None So Blind

Ian M. Faulkner

None So Blind 

A man stands in a greasy old café; a solitary figure who watches and observes; never seemingly noticed by others but noticing everything. But why does he go there day after day? What is he watching for? And what secret does he have in his bag? Is it a secret that he’s willing to die for?

Here, for your reading pleasure is a short extract from None so Blind….

My customary place in the café. I leaned back, arms folded around my bag, against the shiny old tiled wall that appeared to have grown there, rather than been made; a cool, hard surface that sweated a thin film of stale grease.

I closed my eyes for a second to take in the sounds and smells. Hot, thick odors filled the spacious room – a clink of crockery and the scrape of chairs against worn lino floors; a rustle of fresh, crisp newspapers. A muffled fugue of chattering voices that was so familiar, yet oddly disquieting to me.

I opened my eyes and randomly picked out my first. A couple settling down at a nearby empty table, the man was carrying a breakfast-laden tray.

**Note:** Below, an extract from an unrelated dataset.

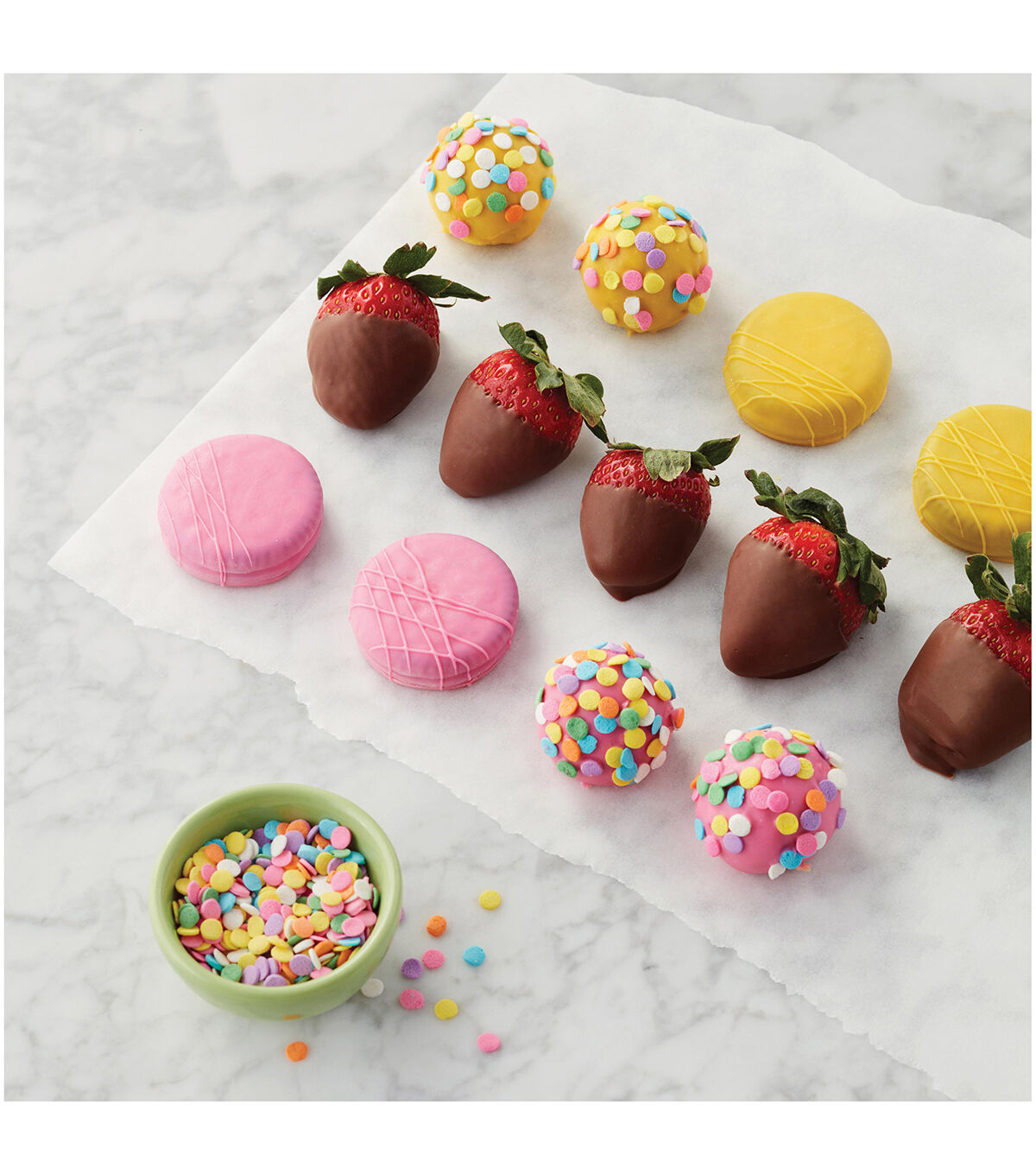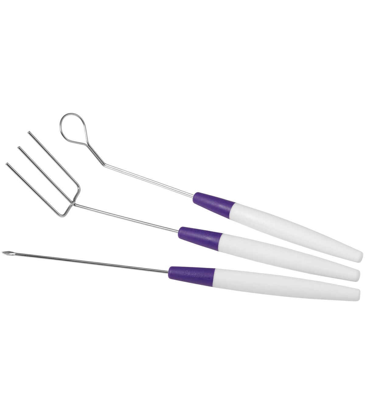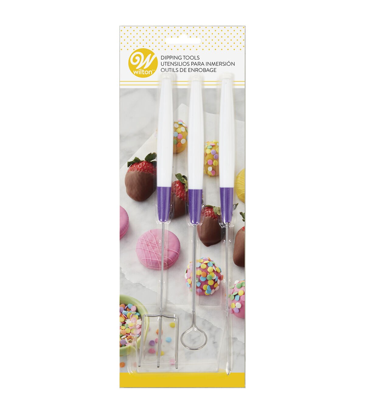 Making candy-dipped treats has never been this fun. Use this 3-piece Candy Melts candy dipping tool set to create candy-coated and chocolate-covered cookies, strawberries, pretzels, marshmallows and more. Candy making tool set includes 3-prong fork, spear and cradling spoon.

A casual observer would have seen a round-shouldered, middle-aged man out having breakfast with a woman who was probably his wife. But my eyes are better than that.  And for some obscure reason, I know that they have to be. This is my gift and also my addiction. I read people. People are an open book. Their circumstances, habits, even their very lives are laid out for me to peruse; an analytic voyeurism; an innocent penchant that I indulge myself in. There is little harm in it. People rarely even notice my curious attention is focused upon them. I looked at the man again; really looked this time. All I could see from my vantage point was his shirt-covered back. But that was enough to begin with. His hair, I perceived, was darker by a few shades than it should be, with no silvering at all. 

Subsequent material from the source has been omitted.